If a record contains a picture, leave the picture out and transcribe everything else exactly.

RECORDED INFORMATION:

════════════════════

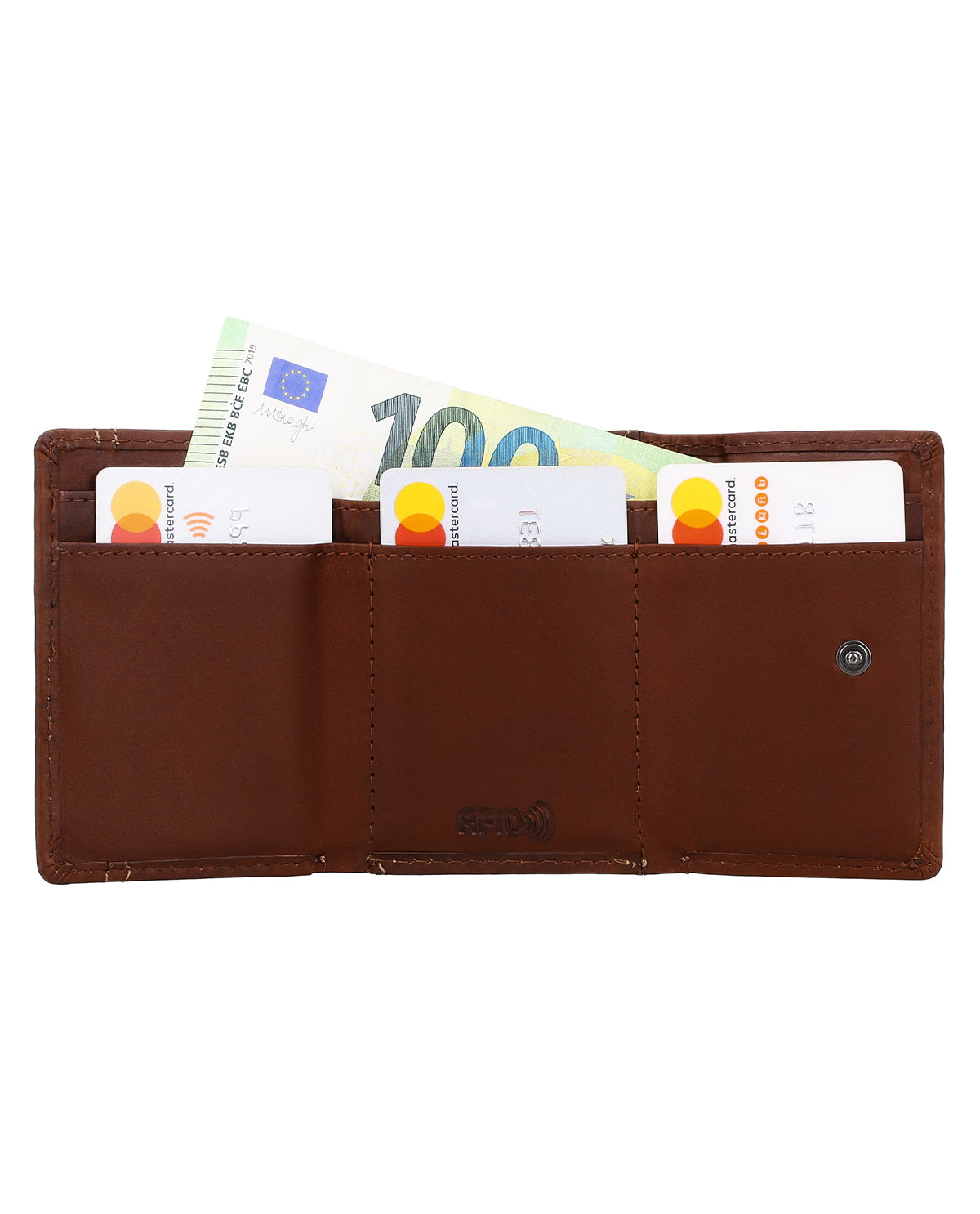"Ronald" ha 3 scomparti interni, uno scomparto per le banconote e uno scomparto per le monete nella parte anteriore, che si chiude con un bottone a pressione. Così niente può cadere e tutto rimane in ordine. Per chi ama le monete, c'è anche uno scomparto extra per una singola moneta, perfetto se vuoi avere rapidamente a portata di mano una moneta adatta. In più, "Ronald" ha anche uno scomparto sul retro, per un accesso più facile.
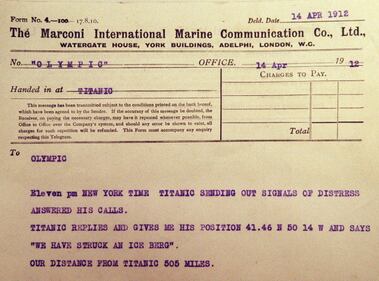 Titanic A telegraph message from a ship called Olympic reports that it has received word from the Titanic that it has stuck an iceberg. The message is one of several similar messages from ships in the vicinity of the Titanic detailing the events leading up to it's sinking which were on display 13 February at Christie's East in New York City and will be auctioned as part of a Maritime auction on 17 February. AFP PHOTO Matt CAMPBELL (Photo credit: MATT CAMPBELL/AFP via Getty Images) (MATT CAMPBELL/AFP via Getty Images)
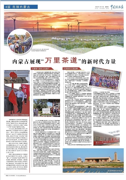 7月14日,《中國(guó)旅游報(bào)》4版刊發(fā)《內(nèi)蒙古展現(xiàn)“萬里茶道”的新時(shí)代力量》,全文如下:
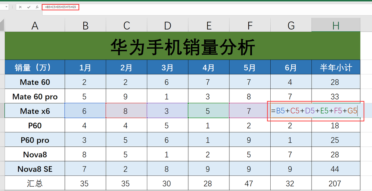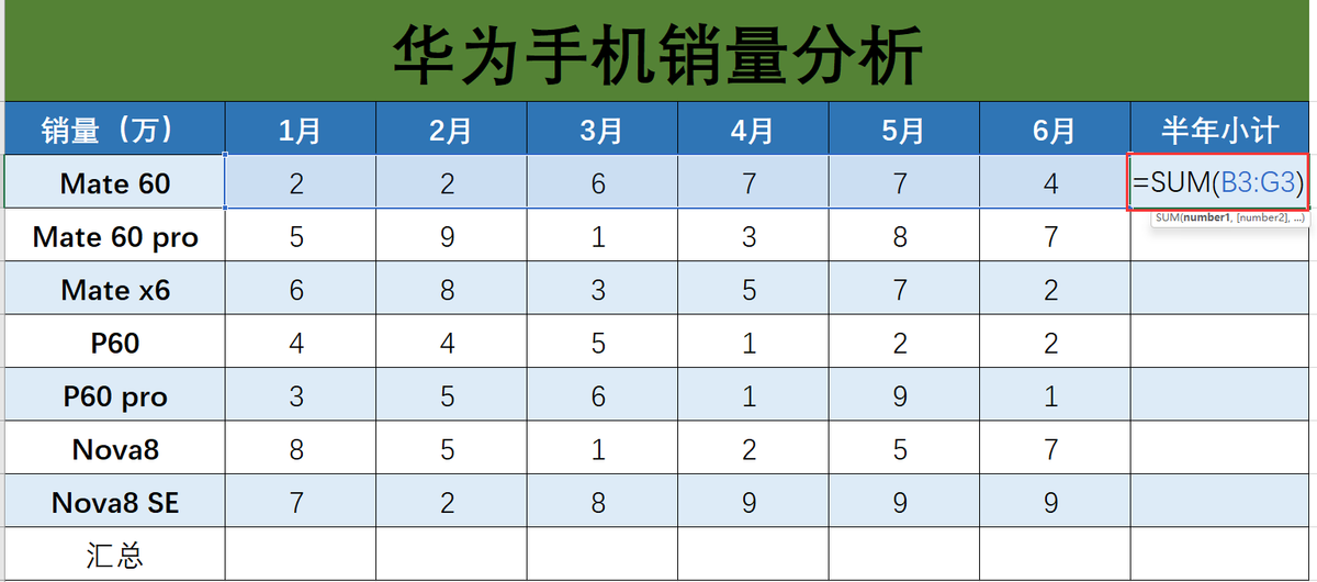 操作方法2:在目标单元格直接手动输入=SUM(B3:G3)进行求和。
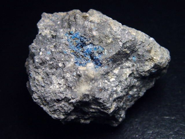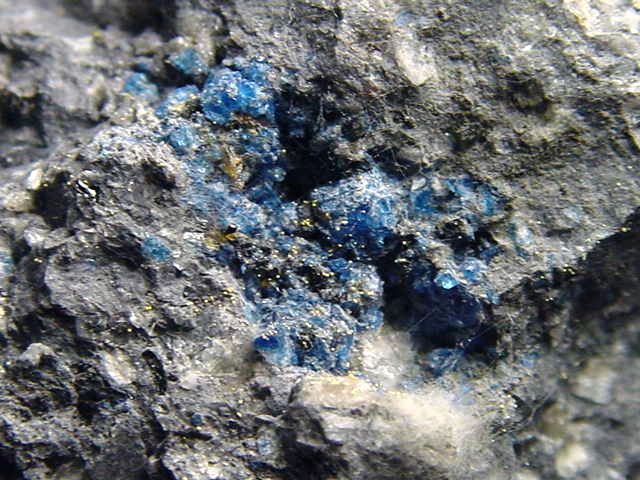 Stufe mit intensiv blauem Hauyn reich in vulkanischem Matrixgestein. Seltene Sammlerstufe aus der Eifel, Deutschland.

════════════════════

SOLUTION:
"Ronald" ha 3 scomparti interni, uno scomparto per le banconote e uno scomparto per le monete nella parte anteriore, che si chiude con un bottone a pressione. Così niente può cadere e tutto rimane in ordine. Per chi ama le monete, c'è anche uno scomparto extra per una singola moneta, perfetto se vuoi avere rapidamente a portata di mano una moneta adatta. In più, "Ronald" ha anche uno scomparto sul retro, per un accesso più facile.
 Titanic A telegraph message from a ship called Olympic reports that it has received word from the Titanic that it has stuck an iceberg. The message is one of several similar messages from ships in the vicinity of the Titanic detailing the events leading up to it's sinking which were on display 13 February at Christie's East in New York City and will be auctioned as part of a Maritime auction on 17 February. AFP PHOTO Matt CAMPBELL (Photo credit: MATT CAMPBELL/AFP via Getty Images) (MATT CAMPBELL/AFP via Getty Images)
 7月14日,《中國(guó)旅游報(bào)》4版刊發(fā)《內(nèi)蒙古展現(xiàn)“萬里茶道”的新時(shí)代力量》,全文如下:
 操作方法2:在目标单元格直接手动输入=SUM(B3:G3)进行求和。
 Stufe mit intensiv blauem Hauyn reich in vulkanischem Matrixgestein. Seltene Sammlerstufe aus der Eifel, Deutschland.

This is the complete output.